I understand the need for fences and even walls (see, I pay attention in study!) but I hope that before we start pointing fingers, saying who is and and who isn't in, that we realize, as you pointed out, "that we can’t know everything with certainty". Maybe our guidelines should be based on acts and attitudes of charity, love and sacrifice? Jesus seemed to have a lot to say about all of those. The again, if we did that, maybe we'd find that we're all outside those guidelines from time to time. I'm not sure where to begin either. - RC
I think your comments indicate exactly the same concern that I'm trying to articulate. There are almost infinitely diverse ways of approaching the Bible - and each way eventuates in a different ethic. The point of this Wednesday evening class has been, thus far, to try and help people understand the variety of ways that exist to inerpret these ethical issues.

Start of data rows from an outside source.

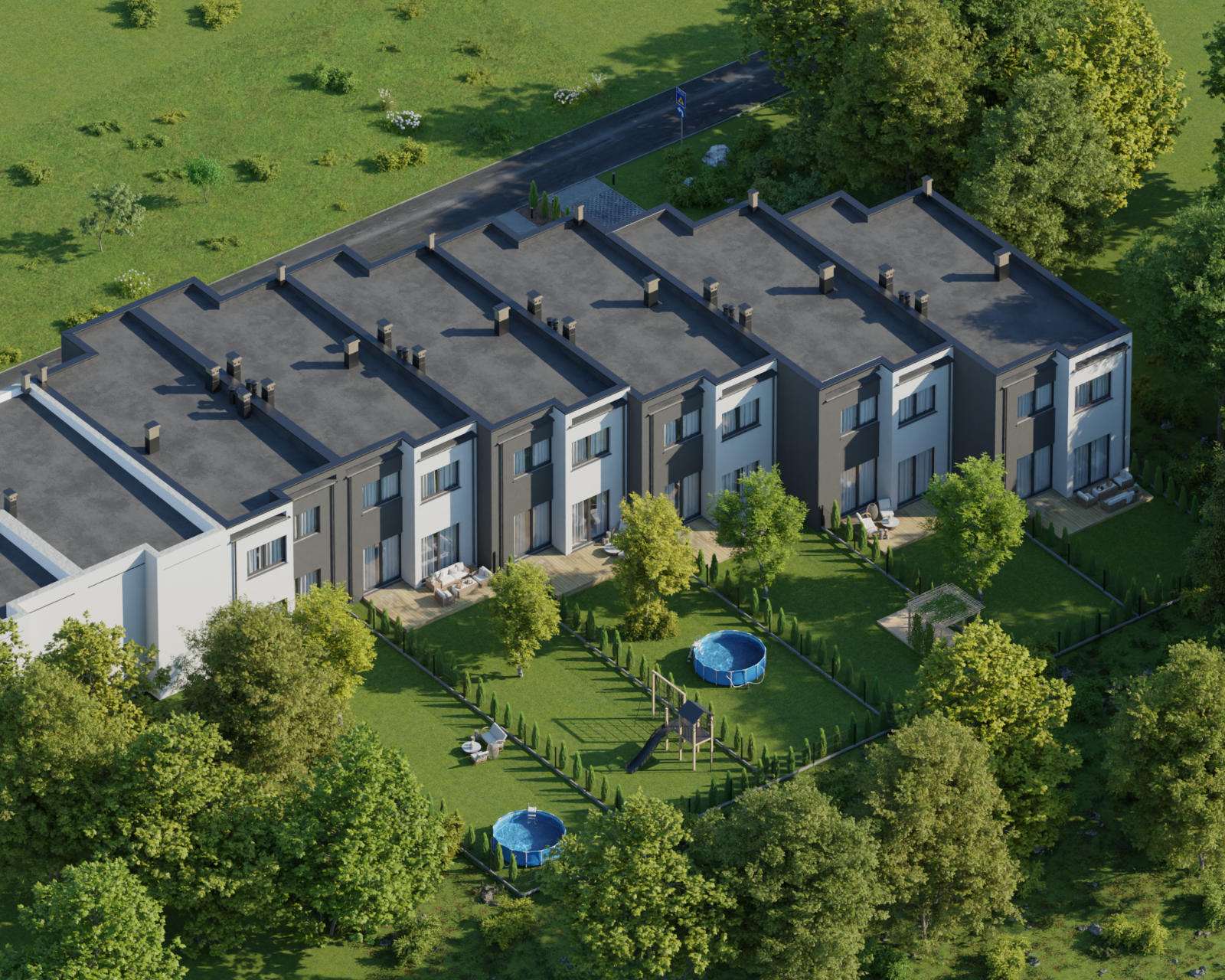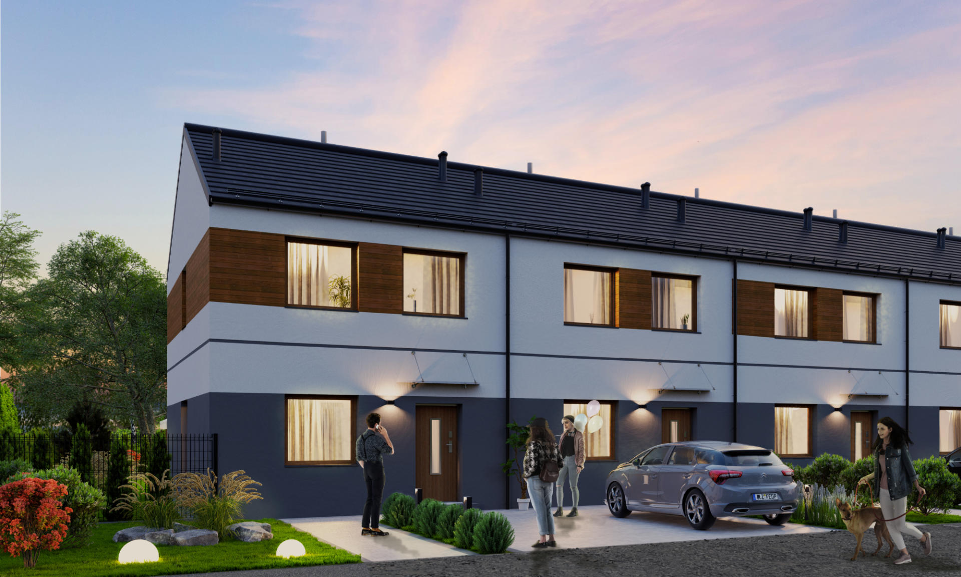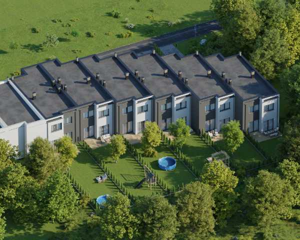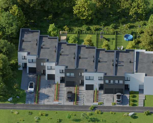 Domy wykonano w nowoczesnym stylu ze sprawdzonych materiałów budowlanych. Charakteryzują się bardzo dobrymi parametrami termoizolacji. Są oddawane w podwyższonym standardzie deweloperskim, który obejmuje: ogrzewanie podłogowe we wszystkich pomieszczeniach, okna trzyszybowe i skrzynki na rolety na parterze. Dzięki dużym oknom, wnętrza są pełne naturalnego światła. Do każdego domu przynależy indywidualny ogródek, w którym możesz odpocząć na świeżym powietrzu.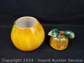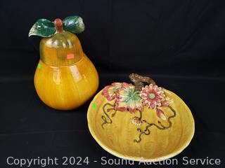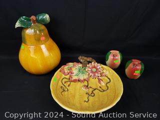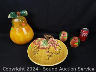 Lot #0091: Squash Cookie Jar, Pumpkin Center Bowl, 2 Apple Peppers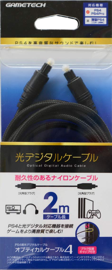 特徴1:PS4と光デジタル対応機器を接続。ゲームをより高音質で楽しめます。特徴2:編込みナイロンケーブルで耐久性をアップ。特徴3:端子部分には金メッキ処理。さらに非使用時のための保護キャップ付き。特徴4:ケーブル長は使いやすい2mです。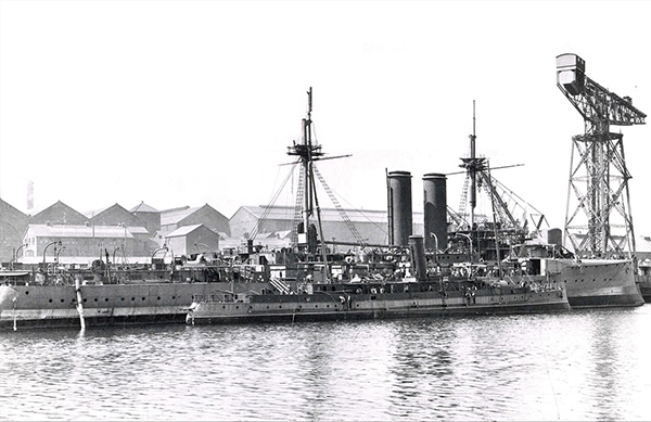 The future CGS Canada fitting out in the Vickers yard at Barrow-in-Furness, 1904, lying outboard of HMS Dominion, also still under construction and whose first captain in 1906 would be Captain C.E. Kingsmill, Royal Navy (RN).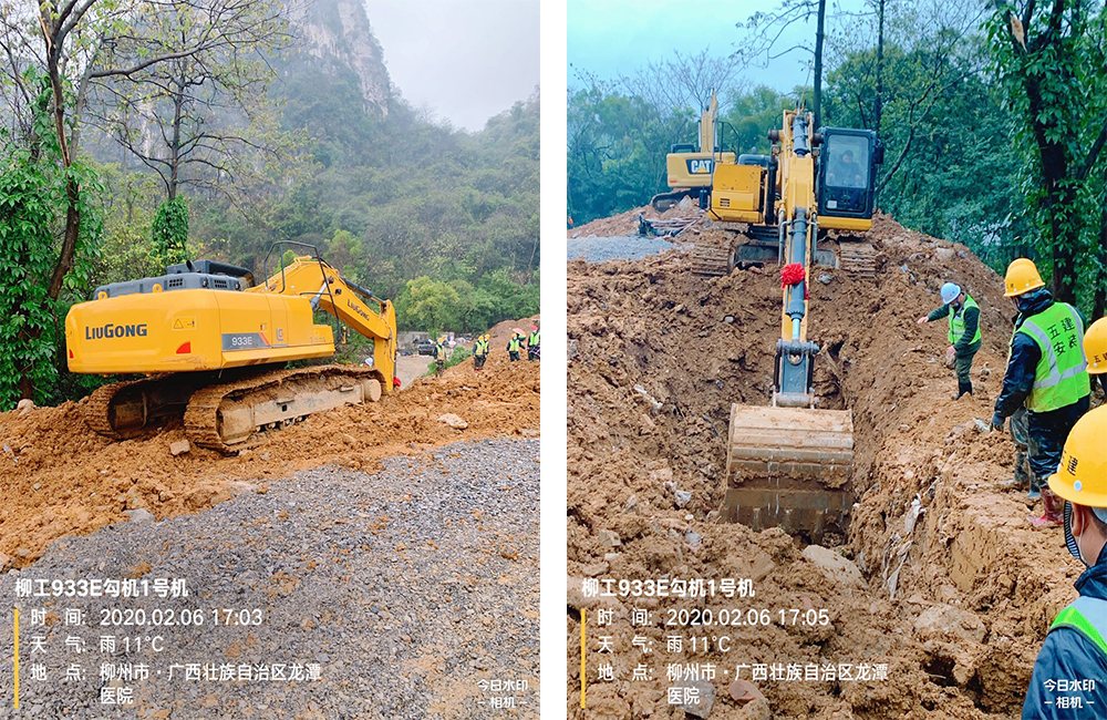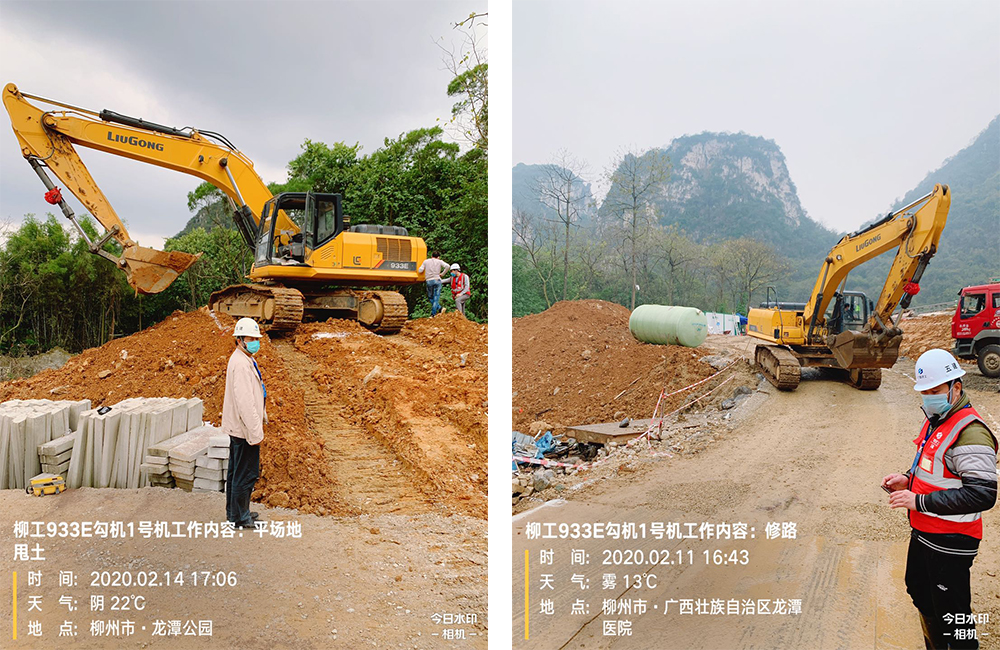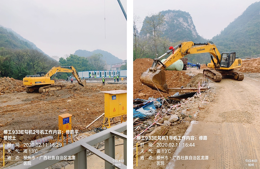 該項目2月9號正式開工,2月23號竣工,2月24號移交,2月25號正式啟用。前期場地平整從2月3號就開始了,柳工多臺933E挖掘機設備在此期間也參與到了柳州“全負壓病房”的建設中來,在建設現場,柳工設備參與了場地的平整、道路修整等工作。

However, it seems that a community, if it is to mean anything, needs to continue to hard work of study, seeking to interpret the heart of God and what is asked of us. We won't do it perfectly, so we'll need humility. But we must do it - otherwise a community will have no distinctives.
The use of the Old Testaments invitations to genocide as a basis for pre-emptive war is indicative of the degree to which we need careful instruction regarding hermeneutics and church history as part of that which is formative in matters of the faith.
It is certainly very human (I wouldn't say divine) to seek distinctives for ourselves and our groups. The idea of true moral authority is a much different issue. I think, in this day and age, we all know enough to realize we cannot truly make statements of "fact" with real authority. Our religion, or science, or politic, is more like poetry than prose - not granted an objective position of observation, we can interpret and express what we see to the best of our ability. This does not rule out opinion, and debate- indeed, it seems to beg us to be alive in engaging in plumbing the depths of this thing called life. It DOES rule out making judgement with a sense of autocratic power.
For example, do you truly believe that your and my saviour, Jesus, (a carpenter mind you, not some pious zealot) lived without committing acts that we (at least some of us) would decry as sin? If he did get drunk now and then (probably), or kiss a girl that he didn't marry (perish the thought), does this change your opinion of him? Or does it make you think - well, if he did it, then it wasn't really sin... Where does that leave us in our notions of reaching clear, objective, knowledge useful for making judgements?